Good Credit Matters More Than Ever

Credit matters more than it did 20 years ago.

Why does your credit score matter more than it did 20 years ago? Because more and more businesses are using it to sell, hire and rent to people. Nowadays, some companies check the credit score of an interviewee before they even hire them.  In today’s interconnected global market, your credit worthiness can directly affect your quality of life or the success of your business for that matter

Not only is good credit essential for obvious things like qualifying for a loan or getting a credit card, but also for less obvious things like getting cellular telephone service, renting a car, and even getting a low insurance premium.

Managing your credit will also help you save for a rainy day. A strong credit history, reflected in good credit scores, will let you qualify for lower interest rates and fees, freeing up additional money to set aside for emergencies, retirement, and other smaller unexpected expenses. Decreasing debt and increasing savings reduces stress and leads to greater financial freedom.

The good news is that having good credit is not difficult. Simply follow these five fundamentals of good credit management and you will build and maintain a credit history that will enable you to get the credit you need, when you need it.

5 Tips for Building Good Credit

1. Establish a credit report

To establish a credit report you must have an open, active credit account. To get your first credit account talk to your bank or credit union.

2. Always pay as agreed

Make at least the minimum payment due each month and never be late. Delinquent payments and payments that don’t meet at least the minimum contractual amount will have the most immediate, negative impact on your credit report and credit scores.

3. Keep your balances low

Keeping your balances low as compared to your available credit limits is a sign of good credit management and shows lenders you are a good credit risk. Your utilization rate, also called your balance-to-limit ratio is a key component to credit scores.

4. Apply for credit wisely

Do not apply for multiple accounts in a short period of time. Taking on large amounts of debt in a short time is a sign of high credit risk. Apply for credit when you need it, and only in the amount you need. Just because credit is offered, doesn’t mean you have to accept it.
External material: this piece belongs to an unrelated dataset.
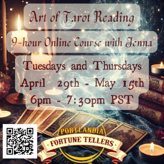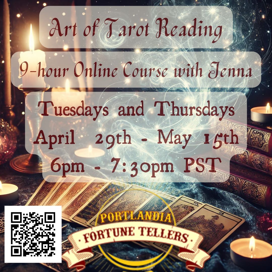 My 9-hour online class in the Art of Tarot Reading will run on Tuesdays and Thursdays from 6pm to 7:30pm PST starting on April 29th through May 15th. This will likely not be running again for a long time, so now is the time.

5. Demonstrate good credit habits over long periods of time

In order to have good credit scores you must demonstrate a habit of good credit management over a long period of time. That means making all payments on-time, not using more than 25% of your available credit at any given time

Is Credit Repair a Good Idea?

Every day, companies target consumers who have poor credit histories with promises to clean up their credit report so they can get a car loan, a home mortgage, insurance, or even a job once they pay them a fee for the service. The truth is, these companies can’t deliver an improved credit report for you using the tactics they promote. It’s illegal: No one can remove accurate negative information from your credit report. Only time and your effort can fix your credit.

Borrowing money is the easiest way to establish a credit history and have a favorable credit score. Even if banks are reluctant to give you a credit card, you can always put money in a prepaid credit card and build your credit overtime by managing the prepaid card.

Credit Score

Credit scores range from 300 to 850. Most people’s score is 600 to 800. A credit score of over 720 is considered to be a good score and will generally get you the best interest rate.

There are three companies that provide credit scores, Equifax, TransUnion, and Experian. They are corporations that make their money, not directly from the consumer, but from companies such as banks, that loan money to people. Each of the three allows you, the consumer, to receive a free credit report annually. But, it’s only done upon request.

It’s wise to check your credit score yearly with one of the three credit reporting companies. When you receive your report you want to first, review it carefully and see if there are any errors or flaws. For example, if the report shows an old unpaid balance on your Target credit card, you’ll want to contact Target, and get that corrected.

You should not close any unused accounts. This may go against your better judgment. But, closing credit card accounts, especially more than one at the same time, could be a red flag that you might be a credit risk.